9781466600386, 9781466600393

Author(s):  
Sonia Ben Mokhtar ◽  
Pierre-Guillaume Raverdy ◽  
Aitor Urbieta ◽  
Roberto Speicys Cardoso

The inherent heterogeneity of ambient computing environments and their constant evolution requires middleware platforms to manage networked components designed, developed, and deployed independently. Such management must also be efficient to cater for resource-constrained devices and highly dynamic situations due to the spontaneous appearance and disappearance of networked resources. For service discovery protocols (SDP), one of the main functions of service-oriented architectures (SOA), the efficiency of the matching of syntactic service descriptions is most often opposed to the fullness of the semantic approach.

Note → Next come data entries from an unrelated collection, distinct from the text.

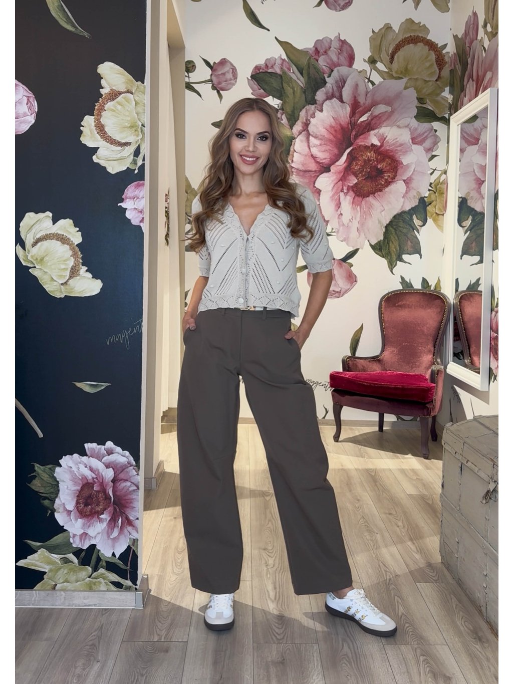 Pletený MAGENTA top v jemnom smotanovom odtieni zaujme elegantnou ažúrovou štruktúrou, ktorá mu dodáva ľahkosť a ženský šarm. Precízne spracovaný vzor vytvára zaujímavý vizuálny efekt a zároveň zabezpečuje vzdušnosť, ideálnu na teplejšie dni. Krátke rukávy po lakte a rovný strih pôsobia moderne a pohodlne, pričom top jemne kopíruje postavu bez obopínania. Okrúhly výstrih podčiarkuje čistý a nadčasový dizajn. Tento model je skvelou voľbou na bežné nosenie aj neformálne príležitosti a ľahko sa kombinuje s nohavicami či sukňou pre svieži, elegantný outfit.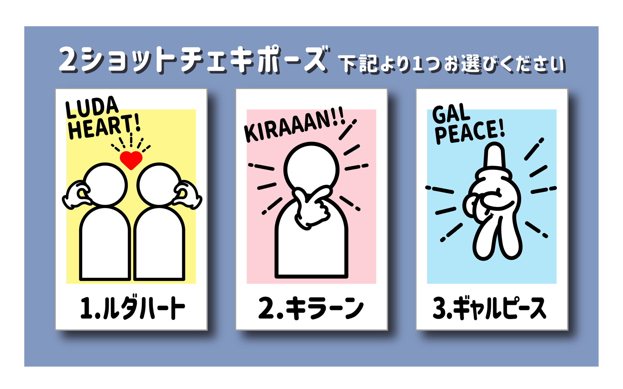 (ポーズ指定あり・1,ルダハート・2,キラーン・3,ギャルピースのどれかお一つお選びください)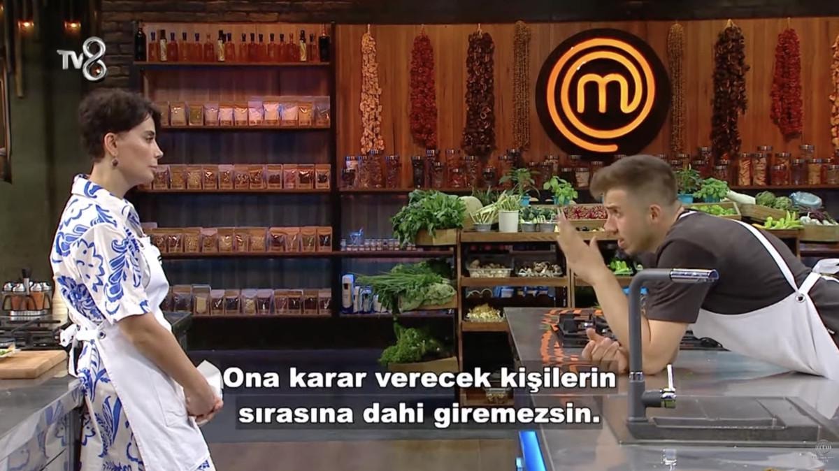 Mehmet Şef de Deniz'in tavrına kayıtsız kalamayarak "Buraya seçtiğimiz yarışmacıların performansıyla alakalı buradaki hiçbir yarışmacının laf söylemeye haddi yok." cevabını verdi.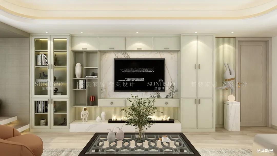 電視墻在客廳除了承擔著整體美觀之外,在小戶型的收納上也能承擔一些其他功能,比如小戶型收納問題。如果你家有強烈收納需求,可以選擇定制柜體墻面,做成整墻收納柜體,安裝無拉手柜面,既滿足了日常收納需求,也融合了美觀的裝飾效果。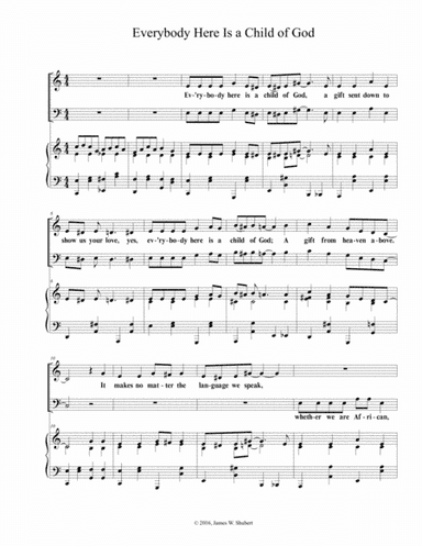 Choral Choir (Mixed) - Level 1 - Digital Download SKU: A0.971276 Composed by James Shubert. Christian,Praise & Worship,Sacred. Octavo. 4 pages. James W. Shubert #6082343. Published by James W. Shubert (A0.971276). 2 part Hymn (SA/TB) with piano accompaniment.  Easy level.  An up-beat examination of the Brother & Sisterhood of Humanity. This product was created by a member of ArrangeMe, Hal Leonard’s global self-publishing community of independent composers, arrangers, and songwriters. ArrangeMe allows for the publication of unique arrangements of both popular titles and original compositions from a wide variety of voices and backgrounds. About Digital Downloads Digital Downloads are downloadable sheet music files that can be viewed directly on your computer, tablet or mobile device. Once you download your digital sheet music, you can view and print it at home, school, or anywhere you want to make music, and you don’t have to be connected to the internet. Just purchase, download and play! PLEASE NOTE: Your Digital Download will have a watermark at the bottom of each page that will include your name, purchase date and number of copies purchased. You are only authorized to print the number of copies that you have purchased. You may not digitally distribute or print more copies than purchased for use (i.e., you may not print or digitally distribute individual copies to friends or students).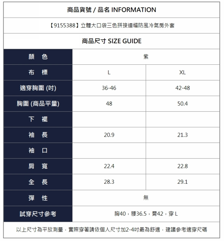 漾貝比【9155388】中大尺碼女裝 立體大口袋三色拼接連帽防風冷氣房外套 (36-48)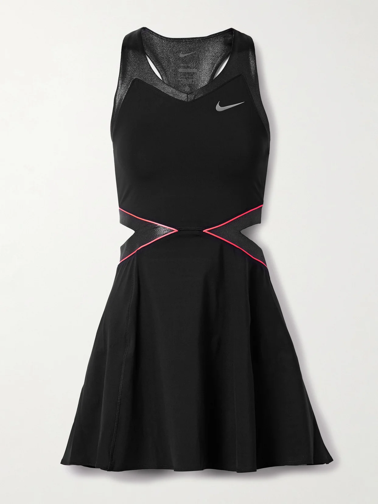 Nikecourt Slam Cutout Metallic Dri-fit And Mesh Tennis Dress
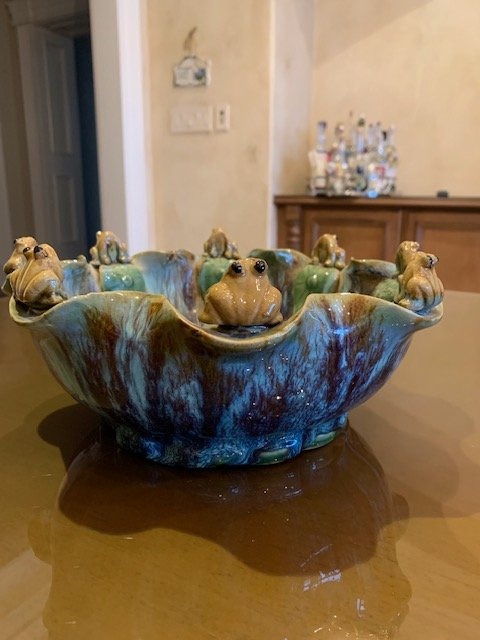 CHECK OUT MY LISTINGS FOR SMALLER MAJOLICA FROG BOWL - PLANTER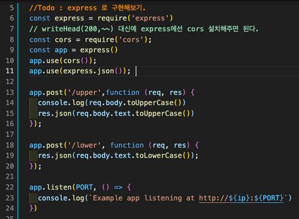 그리고 res.write, res.end 가 쌍으로 같이 다녔던 node.js 와 달리 express , app 에 이미 담겨져 있기 때문에 매번 안써주고 로직만 맞게 작성해주면 된다.
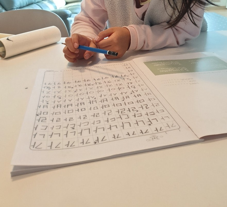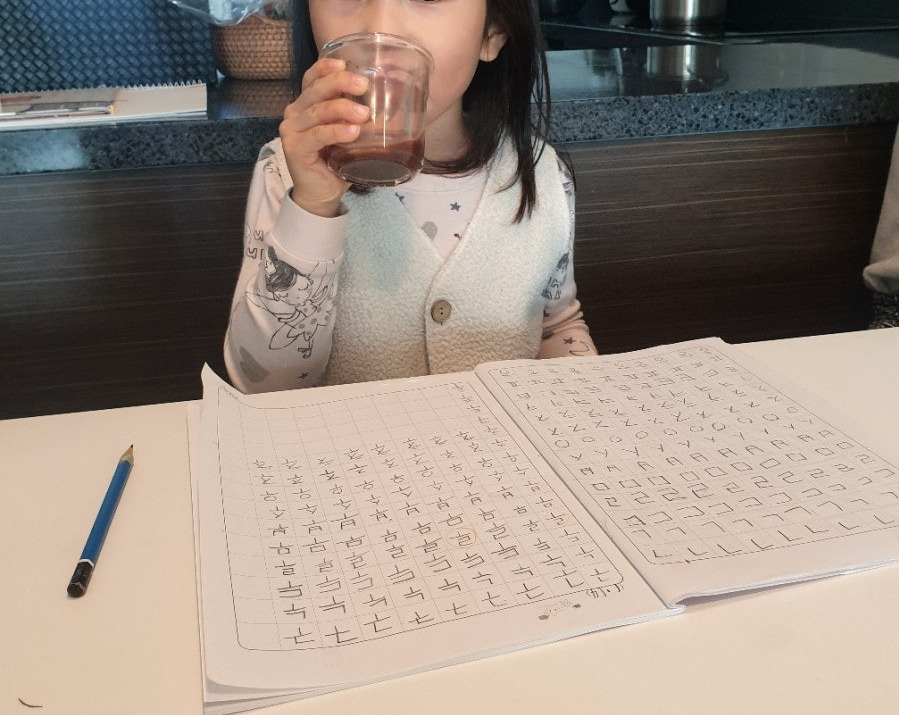 딸은 재미있다며 글씨 쓰기를 계속하고 싶다고 했다. 이 마음이 사라질까 봐 얼른 10칸 공책을 장만했다. 아이가 배움에 열의가 있을 때 시작하는 게 좋기에 내 생각보다는 조금 일찍 한글 쓰기 공부를 시작하게 되었다.

As part of the PLASTIC middleware, the authors present an interoperable discovery platform that features an efficient matching and ranking algorithm able to process service descriptions and discovery requests from both semantic and syntactic SDPs. To that end, the paper defines a generic, modular description language able to record service functional properties, potentially extended with semantic annotations. The proposed discovery platform leverages the advanced communication capabilities provided by the PLASTIC middleware to discover services in multi-network environments. An evaluation of the prototype implementation demonstrates that multi-protocols service matching supporting various levels of expressiveness can be achieved in ambient computing environments.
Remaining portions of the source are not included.